◆ What you are asked to do
Extract the lines of the material below, beginning with the first and ending with the line that holds "離商店街不遠的海岸邊,一朵大". Skip every picture.

◆ Provided information
= = = = = = =

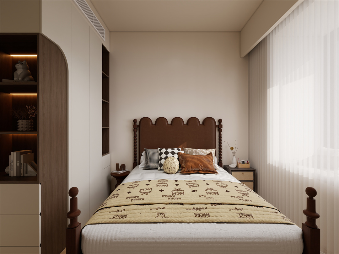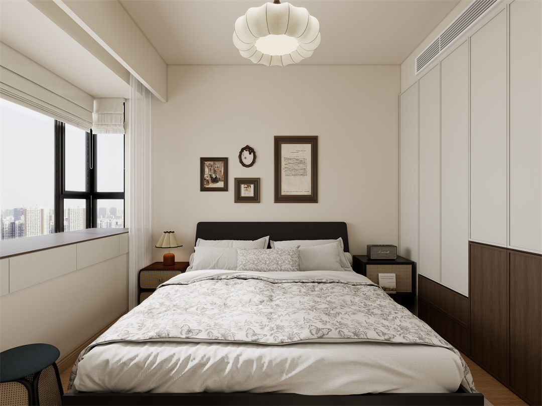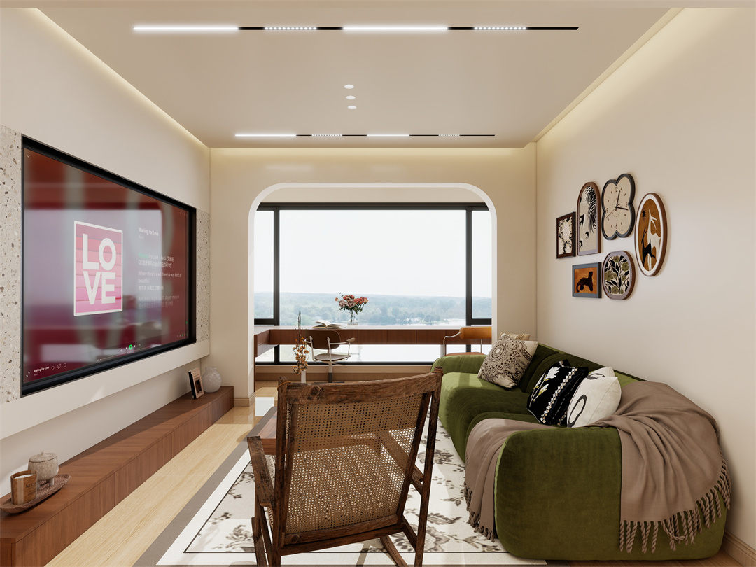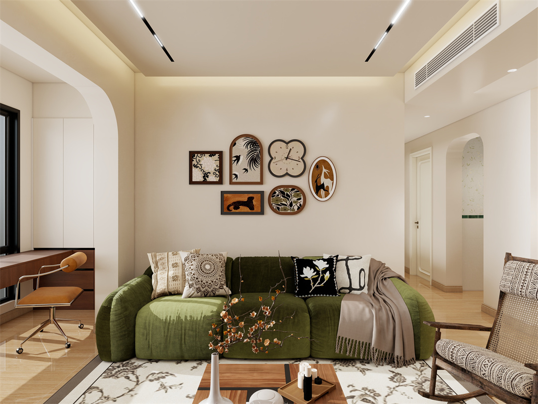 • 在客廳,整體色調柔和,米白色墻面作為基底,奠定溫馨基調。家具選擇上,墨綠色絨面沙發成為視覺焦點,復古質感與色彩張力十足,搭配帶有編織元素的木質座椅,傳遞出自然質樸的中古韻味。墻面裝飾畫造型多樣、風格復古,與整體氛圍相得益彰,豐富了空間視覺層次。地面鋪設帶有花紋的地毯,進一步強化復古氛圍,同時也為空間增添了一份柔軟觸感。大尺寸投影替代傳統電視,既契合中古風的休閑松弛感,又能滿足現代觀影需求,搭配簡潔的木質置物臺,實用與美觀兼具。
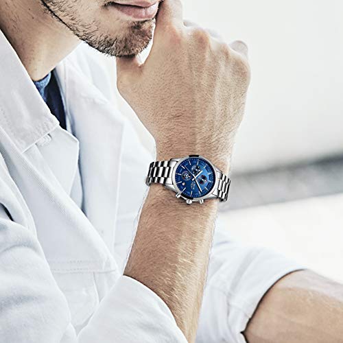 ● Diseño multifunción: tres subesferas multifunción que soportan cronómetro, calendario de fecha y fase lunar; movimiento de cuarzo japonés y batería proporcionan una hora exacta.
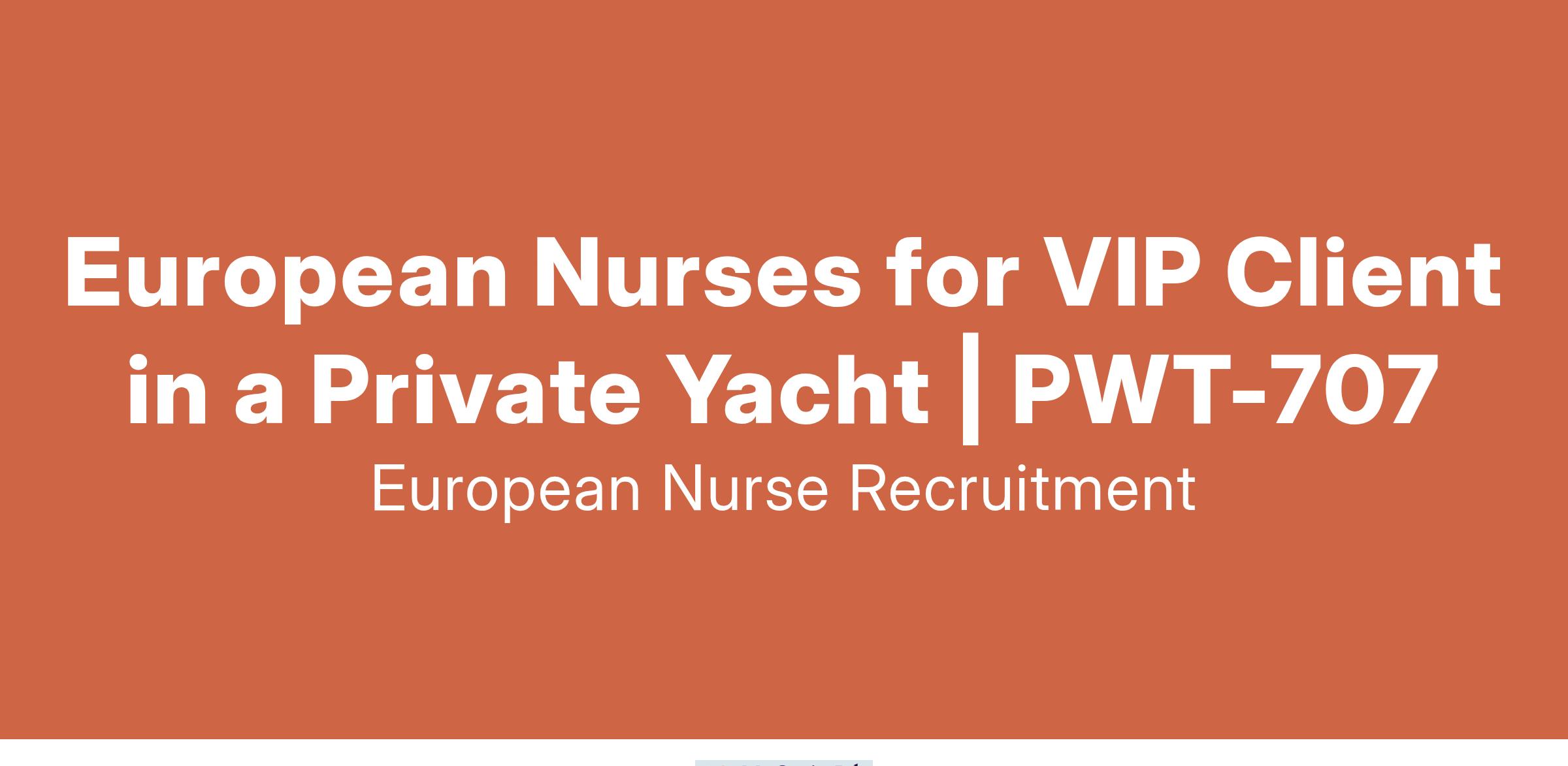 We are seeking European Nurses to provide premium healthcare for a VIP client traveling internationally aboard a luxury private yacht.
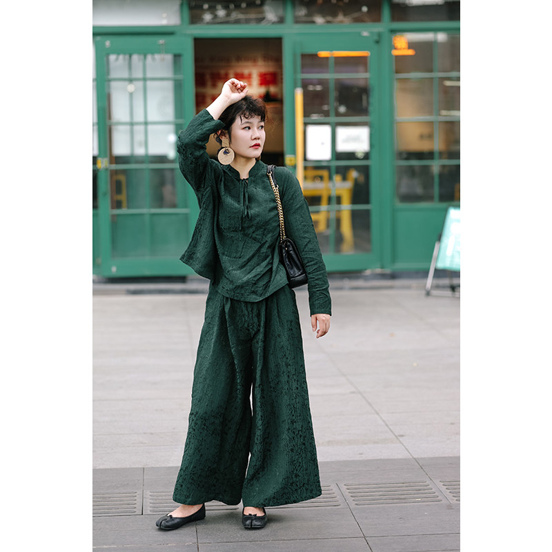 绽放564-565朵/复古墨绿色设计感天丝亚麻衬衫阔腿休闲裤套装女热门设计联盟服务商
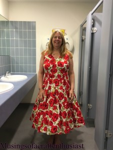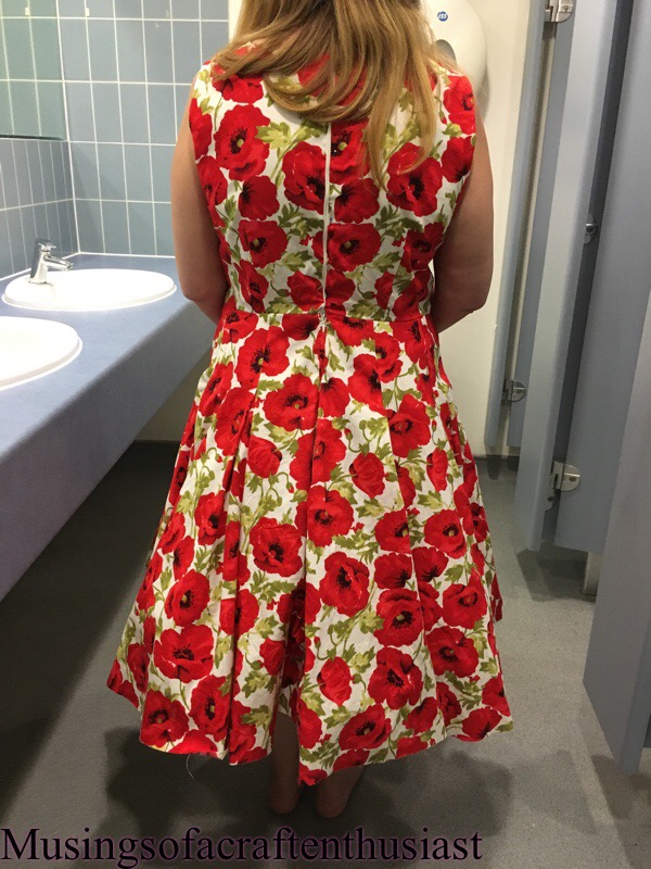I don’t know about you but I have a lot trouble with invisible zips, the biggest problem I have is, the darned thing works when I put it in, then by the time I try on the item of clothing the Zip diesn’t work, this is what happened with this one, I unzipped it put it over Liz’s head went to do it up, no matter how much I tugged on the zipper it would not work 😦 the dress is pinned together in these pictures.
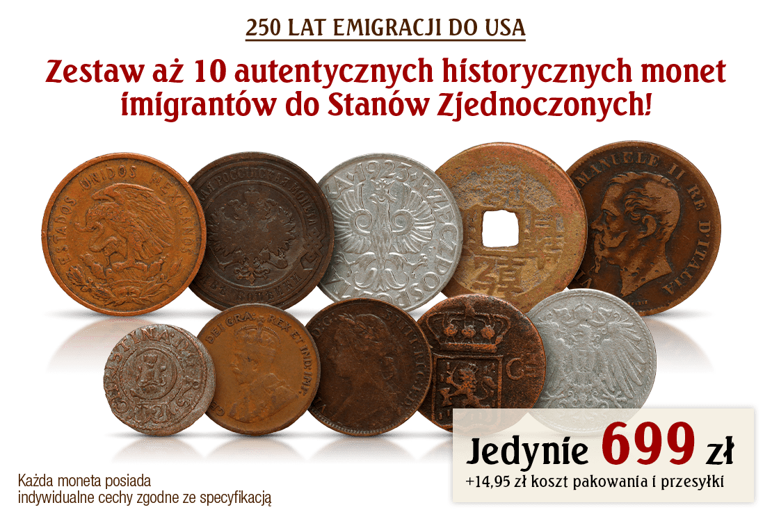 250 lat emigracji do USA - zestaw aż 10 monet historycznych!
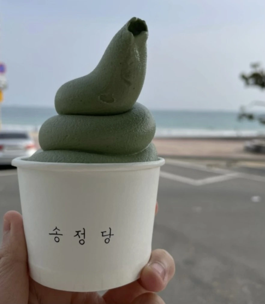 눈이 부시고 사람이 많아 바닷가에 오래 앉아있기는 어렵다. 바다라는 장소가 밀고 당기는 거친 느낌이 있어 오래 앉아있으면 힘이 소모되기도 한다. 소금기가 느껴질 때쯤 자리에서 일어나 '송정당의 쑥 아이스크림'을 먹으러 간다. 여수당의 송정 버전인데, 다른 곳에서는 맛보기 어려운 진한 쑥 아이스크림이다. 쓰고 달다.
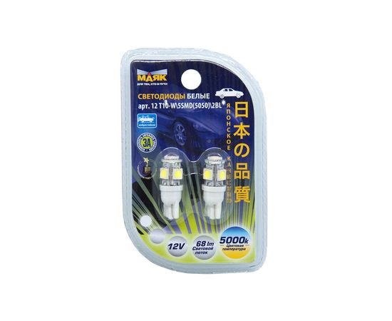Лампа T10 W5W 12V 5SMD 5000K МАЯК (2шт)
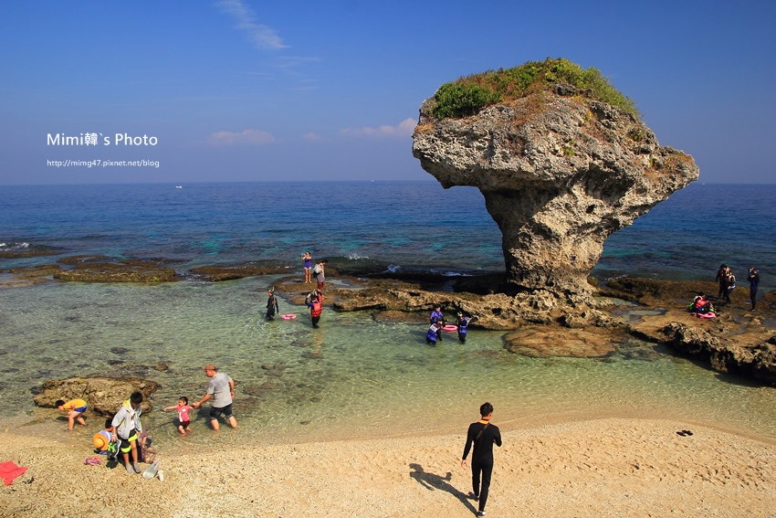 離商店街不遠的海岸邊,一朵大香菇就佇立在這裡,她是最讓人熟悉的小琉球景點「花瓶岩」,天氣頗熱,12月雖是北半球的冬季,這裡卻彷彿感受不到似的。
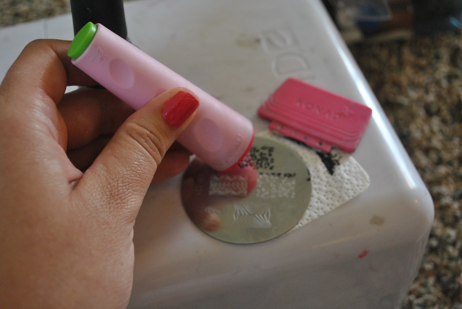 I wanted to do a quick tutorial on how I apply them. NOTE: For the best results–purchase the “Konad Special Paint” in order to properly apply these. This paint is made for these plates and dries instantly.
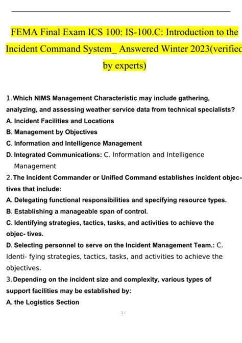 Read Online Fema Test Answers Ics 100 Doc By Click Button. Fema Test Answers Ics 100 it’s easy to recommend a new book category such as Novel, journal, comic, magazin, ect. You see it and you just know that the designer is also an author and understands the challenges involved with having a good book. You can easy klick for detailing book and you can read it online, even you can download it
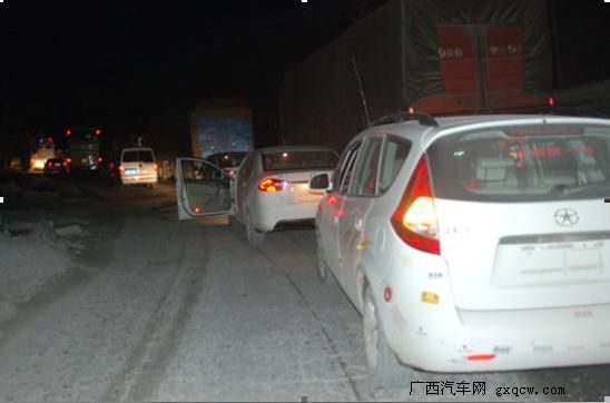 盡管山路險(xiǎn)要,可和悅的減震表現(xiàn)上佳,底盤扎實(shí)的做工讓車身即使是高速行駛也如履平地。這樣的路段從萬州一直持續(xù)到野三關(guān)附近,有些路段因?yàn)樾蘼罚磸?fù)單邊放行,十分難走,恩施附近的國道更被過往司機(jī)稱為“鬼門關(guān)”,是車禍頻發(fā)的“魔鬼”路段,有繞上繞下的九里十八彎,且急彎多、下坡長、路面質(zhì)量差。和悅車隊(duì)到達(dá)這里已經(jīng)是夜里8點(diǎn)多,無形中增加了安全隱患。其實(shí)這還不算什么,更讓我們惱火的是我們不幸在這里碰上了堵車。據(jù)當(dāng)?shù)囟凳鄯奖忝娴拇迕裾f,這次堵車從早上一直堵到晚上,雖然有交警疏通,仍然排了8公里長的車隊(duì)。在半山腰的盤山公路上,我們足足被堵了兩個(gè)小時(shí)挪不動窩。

= = = = = = =

◆ Completed task
 • 在客廳,整體色調柔和,米白色墻面作為基底,奠定溫馨基調。家具選擇上,墨綠色絨面沙發成為視覺焦點,復古質感與色彩張力十足,搭配帶有編織元素的木質座椅,傳遞出自然質樸的中古韻味。墻面裝飾畫造型多樣、風格復古,與整體氛圍相得益彰,豐富了空間視覺層次。地面鋪設帶有花紋的地毯,進一步強化復古氛圍,同時也為空間增添了一份柔軟觸感。大尺寸投影替代傳統電視,既契合中古風的休閑松弛感,又能滿足現代觀影需求,搭配簡潔的木質置物臺,實用與美觀兼具。
 ● Diseño multifunción: tres subesferas multifunción que soportan cronómetro, calendario de fecha y fase lunar; movimiento de cuarzo japonés y batería proporcionan una hora exacta.
 We are seeking European Nurses to provide premium healthcare for a VIP client traveling internationally aboard a luxury private yacht.
 绽放564-565朵/复古墨绿色设计感天丝亚麻衬衫阔腿休闲裤套装女热门设计联盟服务商
I don’t know about you but I have a lot trouble with invisible zips, the biggest problem I have is, the darned thing works when I put it in, then by the time I try on the item of clothing the Zip diesn’t work, this is what happened with this one, I unzipped it put it over Liz’s head went to do it up, no matter how much I tugged on the zipper it would not work 😦 the dress is pinned together in these pictures.
 250 lat emigracji do USA - zestaw aż 10 monet historycznych!
 눈이 부시고 사람이 많아 바닷가에 오래 앉아있기는 어렵다. 바다라는 장소가 밀고 당기는 거친 느낌이 있어 오래 앉아있으면 힘이 소모되기도 한다. 소금기가 느껴질 때쯤 자리에서 일어나 '송정당의 쑥 아이스크림'을 먹으러 간다. 여수당의 송정 버전인데, 다른 곳에서는 맛보기 어려운 진한 쑥 아이스크림이다. 쓰고 달다.
Лампа T10 W5W 12V 5SMD 5000K МАЯК (2шт)
 離商店街不遠的海岸邊,一朵大香菇就佇立在這裡,她是最讓人熟悉的小琉球景點「花瓶岩」,天氣頗熱,12月雖是北半球的冬季,這裡卻彷彿感受不到似的。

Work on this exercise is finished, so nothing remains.